Computational biologist and bioinformatician at UCSF with 4+ years of hands-on work in single-cell,
single-nuclei, and spatial transcriptomics. I build production-grade analysis pipelines and research software
for liver disease and tumor microenvironment discovery. I'm also developing a foundation model for the liver.
Production tools and modeling systems for transcriptomics and computational pathology.
Foundation Model
LiverTransformer
Liver-specific transformer (23.6M parameters) pre-trained using masked gene prediction on 1.04M human liver cells (36K genes, 7 diseases, 125 cell types), with strong transfer to spatial transcriptomics tasks including hepatocyte zonation.
Framework: PyTorch
Scale: 1.04M cells from CellxGene Census
Status: Active research platform (public repo pending)
Repository not published yet. Release planned after internal validation.
Spatial Genomics
spatialzones
Python package for inside/interface/outside tumor region assignment in spatial transcriptomics using nearest-neighbor context, with built-in visual diagnostics and downstream expression profiling.
Toolkit for bridging spatial transcriptomics outputs with CellxGene-style exploratory workflows, including utilities for region-aware expression analysis and dataset handoff for interactive atlas inspection.
Open-source Julia package for transcriptomics analysis from preprocessing through clustering, marker discovery, and UMAP, built as a high-performance alternative to typical R/Python workflows.

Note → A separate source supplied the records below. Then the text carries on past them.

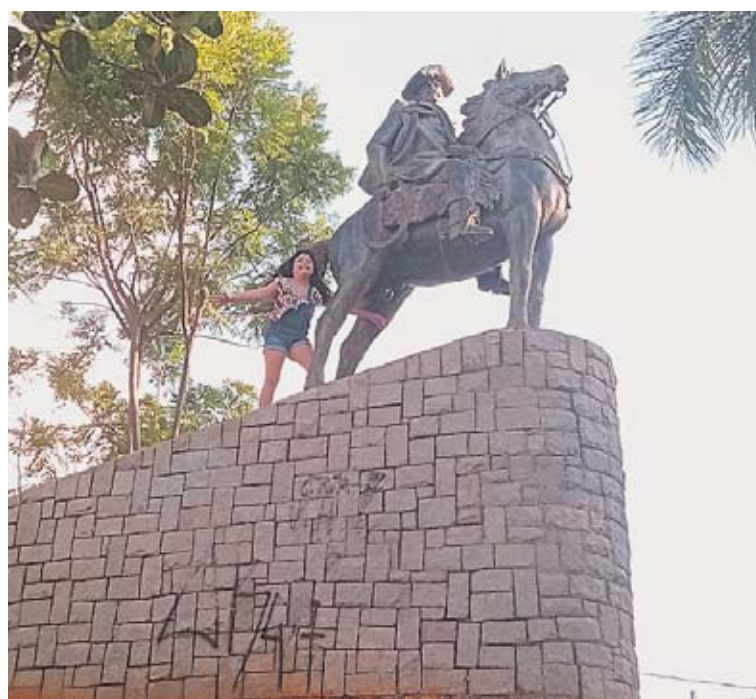
Belinha e a estátua do tropeiro na avenida São Paulo

Uma curiosidade é que a estátua do tropeiro no cavalo que está na Praça do Tropeiro, na avenida São Paulo, não é do Baltazar Fernandes, como muita gente pensa. O fundador de Sorocaba não foi tropeiro, mas sim um Bandeirante. (Da Redação)
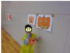
ハロウィーン福笑いゲーム！ かぼちゃの鼻はどこでしょう？！

10月の最終週は「ハロウィーンウィーク☆」ということで、ハロウィーンにちなんだイベントを行いました！今や秋の代表的なイベントとして定着しているハロウィーン☆ニコリでもハロウィーンイベントは大人気です♪コミュニティセンターの多目的ホールの広ーい空間を利用したハロウィーン福笑いや、ニコリ恒例の「おばけ扉」を使った、おやつがもらえるお楽しみゲームなどなど、室内装飾や仮装にもこだわった楽しい時間になりました！
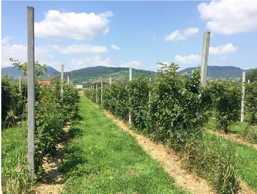
Slika 11. Novi kupinjak
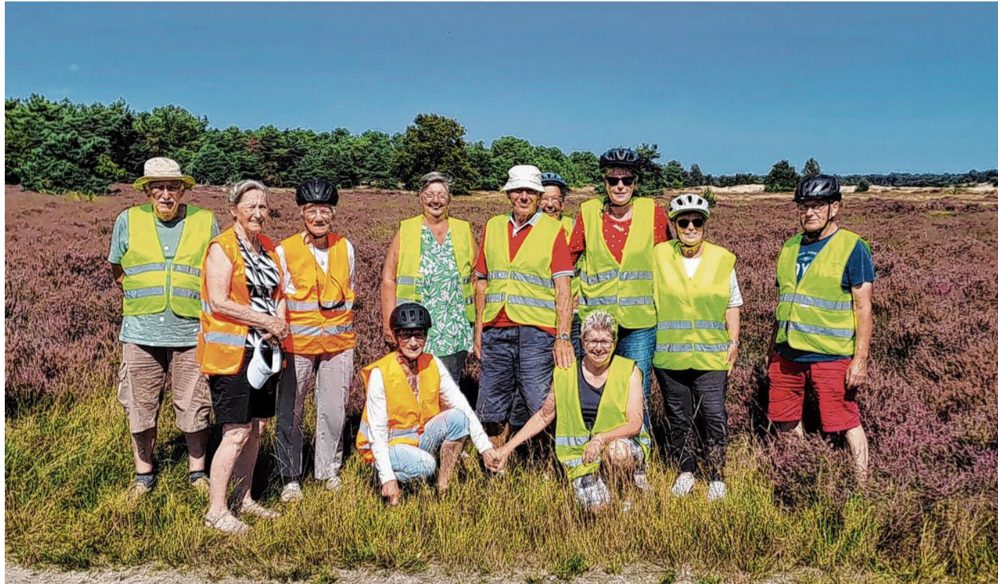
Fietsgroep van KBO Nieuwkuijk.

Vanaf woensdag 12 juni tot 28 augustus is KBO Nieuwkuijk met een wisselende groep van 9 tot 15 personen wekelijks gaan fietsen. Vorige week was het dus alweer de laatste keer dat de groep hun stalen ros besteeg. Een enkeling op een fiets zonder ondersteuning. Mensen zonder ondersteuning fietsen altijd
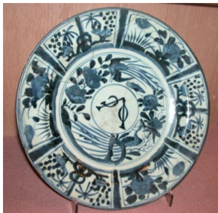
圖 2: 開光花鳥紋 VOC 字文青花大盤
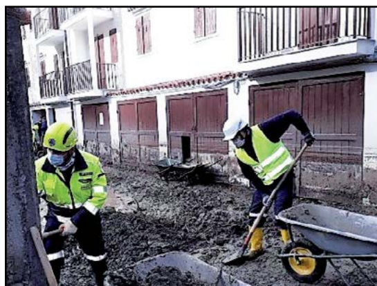
Protezione Civile per alluvione Limone-Ceva
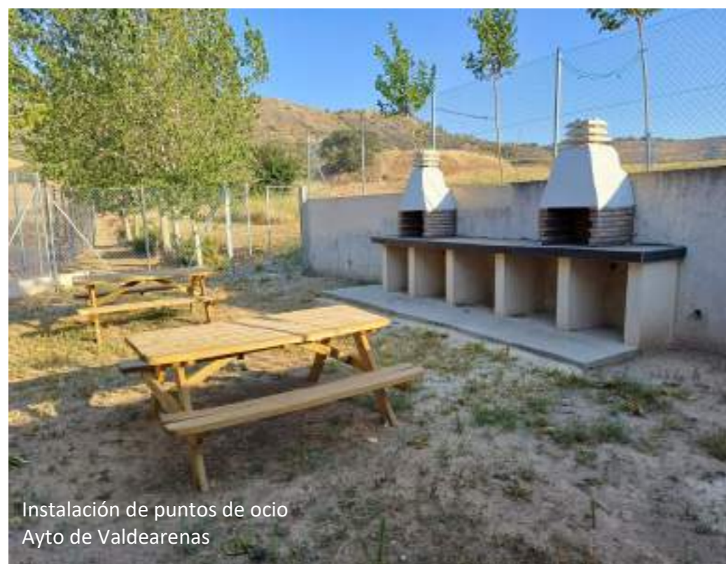
Instalación de puntos de ocio Ayto de Valdearenas
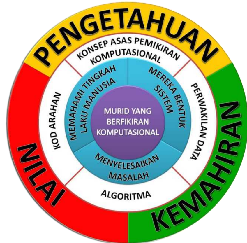
Rajah 2 : Kerangka Konsep Asas Sains Komputer

Pemikiran komputasional ialah kebolehan untuk memahami dan mengaplikasi prinsip asas sains komputer. Melalui pemikiran komputasional, kaedah penyelesaian masalah diterjemah dalam bentuk yang boleh dilaksanakan dengan berkesan menggunakan penyelesaian berteraskan komputer.
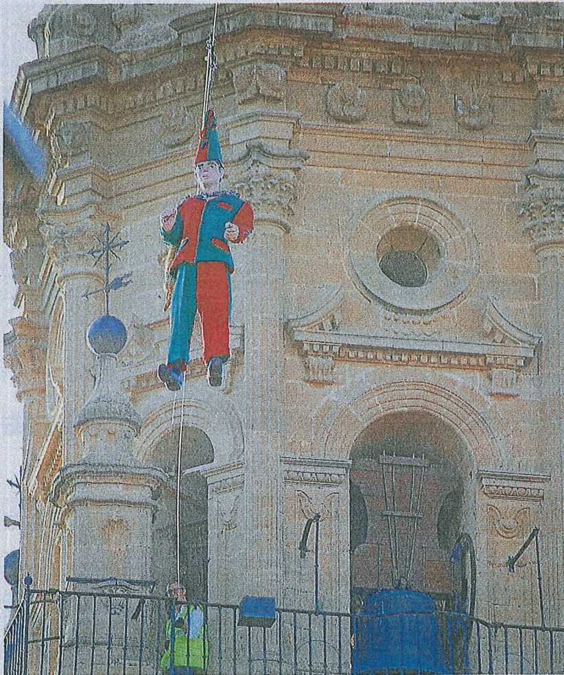
Descenso del Katxi en Oion.
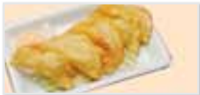
Fried Cheese Wonton チーズワンタン揚げ $3.95
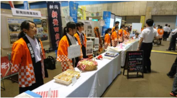
こちらは新発田商業高校です。
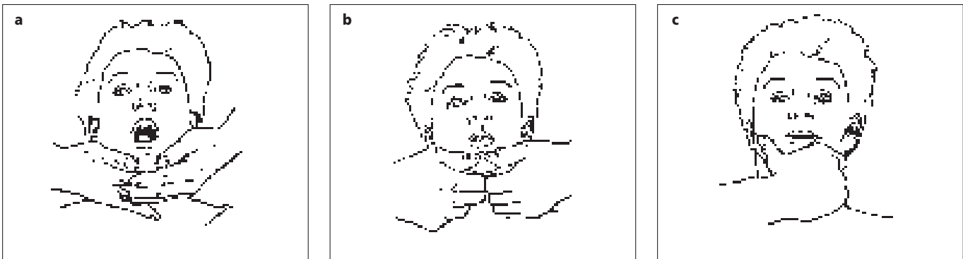
Afb. 4. Dynamische test bij openen (a), sluiten (b) en protrusie (c).

tie is vastgesteld, zal de behandelaar de patiënt de voor- en nadelen van een eventuele behandeling moeten uitleggen. Vervolgens zullen de behandelaar en de patiënt, mede na weging van de behandelingsbehoefte en de behandelingsnoodzaak, besluiten of er wel of niet tot behandeling zal worden overgegaan.
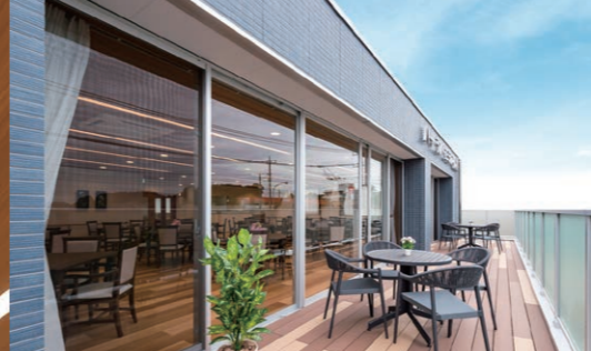
3階の大きな窓からは、明るい日差しが差し込みテラスは開放感のある気持ちの良い空間です。
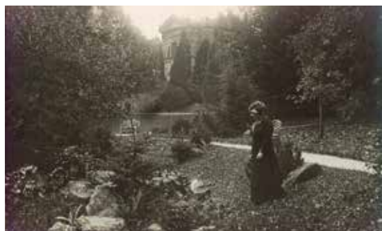
Historických fotografií hrobky se mnoho nedochovalo, zde pohled od rybníka Oko
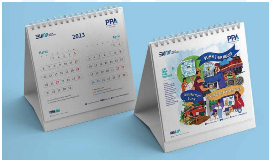
Gambar 2.11 Portofolio Iconiq Studio (PPA)
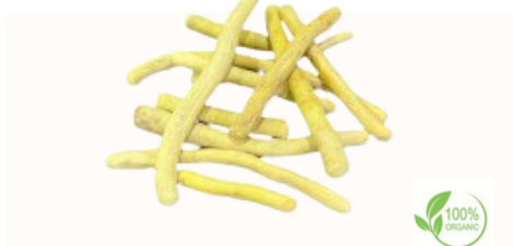
Bastoncini di radice di liquirizia sbuccciati Qualità disponibili Intero in balle, 18 cm, 15 cm, 10 cm Bastoncini da 12-15 cm, 6-7 cm, tritati, Taglio grosso, Taglio fine (taglio bustina di tè), polvere
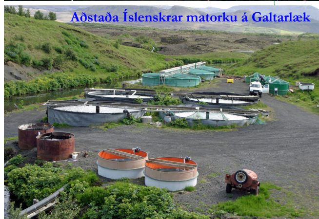
Aðstaða Íslenskrar matorku á Galtalæk
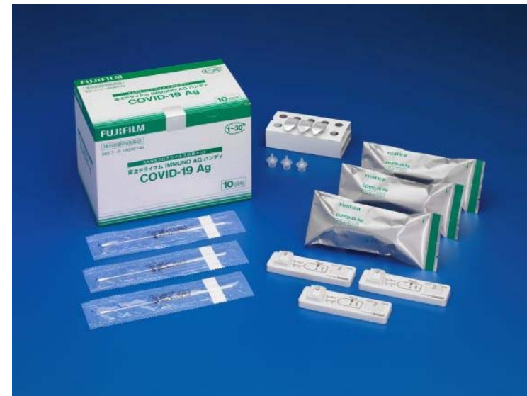
配布用抗原検査キット

End-to-end Python framework that combines single-cell tumor profiles with LLM reasoning to classify hepatoblastoma subtypes and generate biologically interpretable hypotheses with supporting literature context.
Hepatoblastoma Tumor Atlas: Building single-cell and single-nuclei atlases to map transcriptional heterogeneity and subtype-specific programs in pediatric liver cancer.
Autoimmune Hepatitis: Integrating bulk, single-nuclei, and spatial transcriptomics from biopsies to identify candidate autoantigens and actionable immune pathways.